### The problem
Apart from the pictures, every line below needs to be reproduced verbatim.

### Stored data
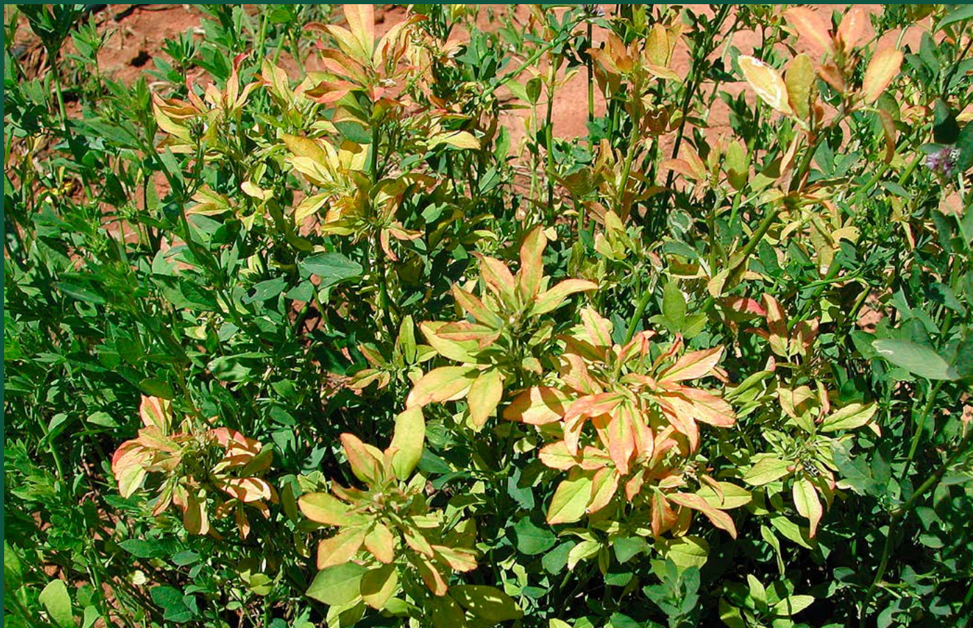
Figure 3. Boron deficiency in alfalfa, Australia.
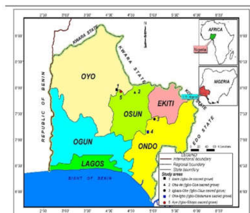
Fig 1: Map of South-western states, Nigeria, showing the location of the sacred groves with maps of Africa and Nigeria in inset (Oyelowo, 2014).

Igbo-Gbopo Sacred Grove, Aye, Ejigbo, Local Government, Osun State, Nigeria
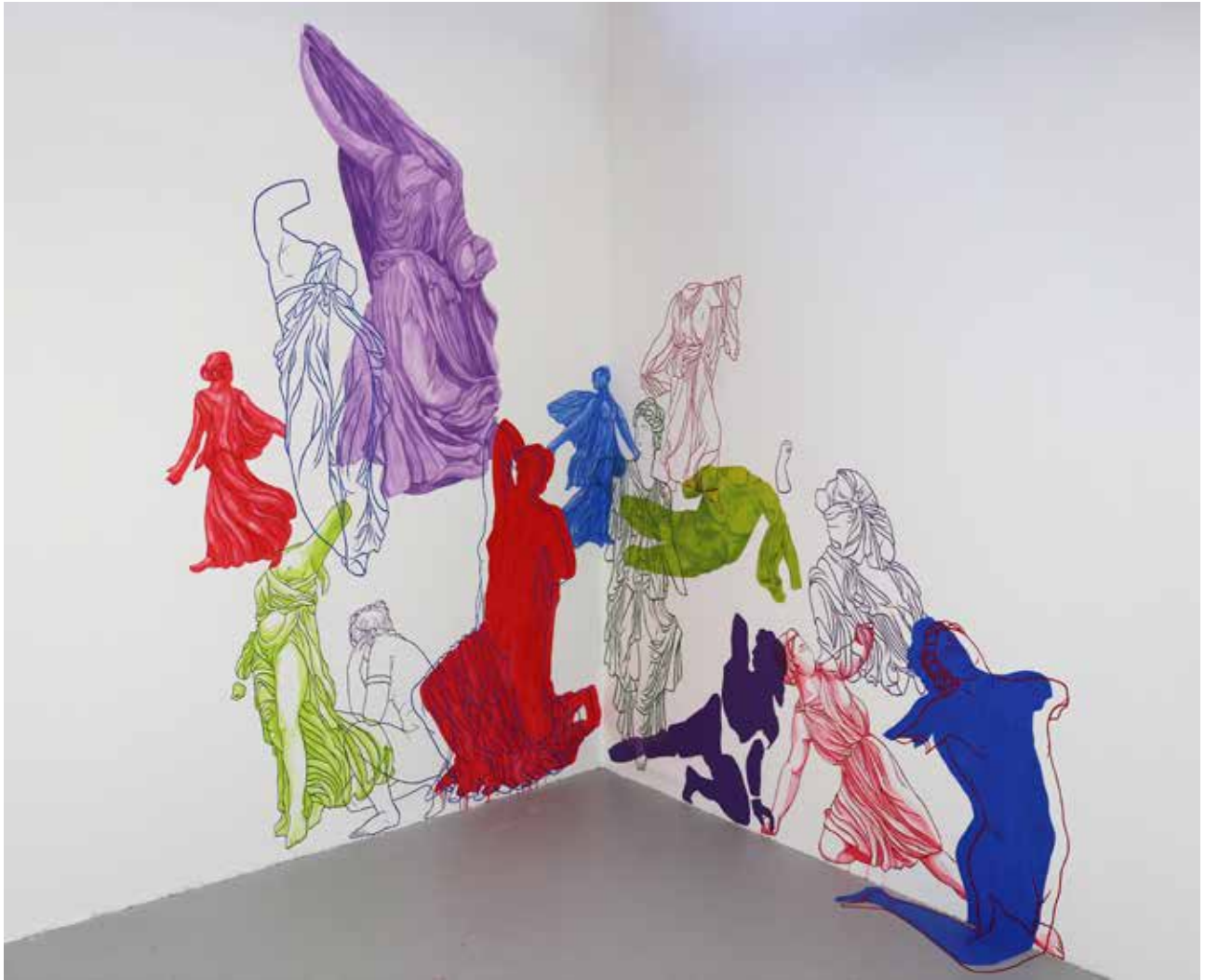
Untitled (Agora), 2021 Acrylic, 16' 5" x 11'
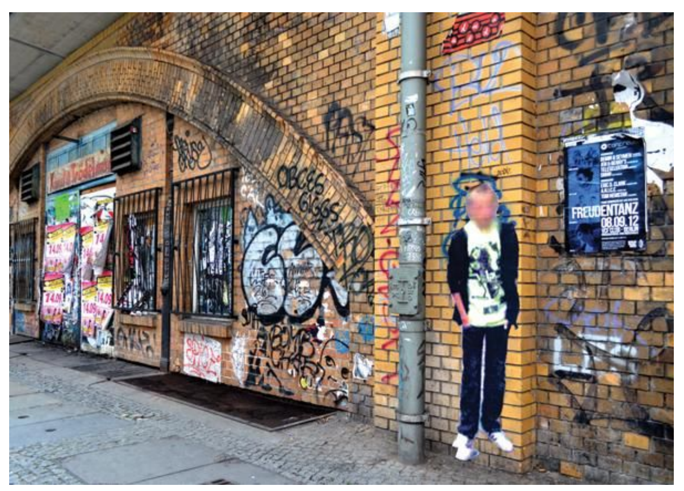
Paolo Cirio's No. 20 Berlin—Dircksenstrasse, Rochstrasse, Germany, 2012, from the artist's "Street Ghosts" series.

To underscore how troubling this situation is, many artists are using tools of surveillance and loopholes in privacy laws to create works that expose just how much has been lost. Paolo Cirio, for example, created a project called Street Ghosts in 2012, in which he tracked down pictures of random individuals who had been captured by Google Street View. He then printed them as posters and placed them at the very spots where the original images had been taken, injecting life-size representations of unsuspecting citizens into the landscape. According to Cirio, he did this to bridge the gap in people's thinking about the difference between online and offline reality. Some people reacted negatively to the project, posting comments on the artist's website. Others, however, asked Cirio to turn their Google Street View moments into life-size portraits.
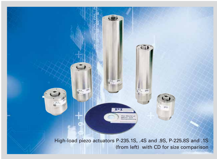
High-load piezo actuators P-235.1S, .4S and .9S, P-225.8S and .1S (from left) with CD for size comparison
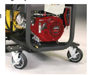
Shown with optional caster wheel kit

A technologically advanced engine-and-regulator combination eliminates the need for a battery or electrical connection, making it a convenient and versatile on-site choice for keeping your restaurant, resort, spa, or hotel clean and inviting!

### Answer box
Figure 3. Boron deficiency in alfalfa, Australia.
Fig 1: Map of South-western states, Nigeria, showing the location of the sacred groves with maps of Africa and Nigeria in inset (Oyelowo, 2014).

Igbo-Gbopo Sacred Grove, Aye, Ejigbo, Local Government, Osun State, Nigeria
Untitled (Agora), 2021 Acrylic, 16' 5" x 11'
Paolo Cirio's No. 20 Berlin—Dircksenstrasse, Rochstrasse, Germany, 2012, from the artist's "Street Ghosts" series.

To underscore how troubling this situation is, many artists are using tools of surveillance and loopholes in privacy laws to create works that expose just how much has been lost. Paolo Cirio, for example, created a project called Street Ghosts in 2012, in which he tracked down pictures of random individuals who had been captured by Google Street View. He then printed them as posters and placed them at the very spots where the original images had been taken, injecting life-size representations of unsuspecting citizens into the landscape. According to Cirio, he did this to bridge the gap in people's thinking about the difference between online and offline reality. Some people reacted negatively to the project, posting comments on the artist's website. Others, however, asked Cirio to turn their Google Street View moments into life-size portraits.
High-load piezo actuators P-235.1S, .4S and .9S, P-225.8S and .1S (from left) with CD for size comparison
Shown with optional caster wheel kit

A technologically advanced engine-and-regulator combination eliminates the need for a battery or electrical connection, making it a convenient and versatile on-site choice for keeping your restaurant, resort, spa, or hotel clean and inviting!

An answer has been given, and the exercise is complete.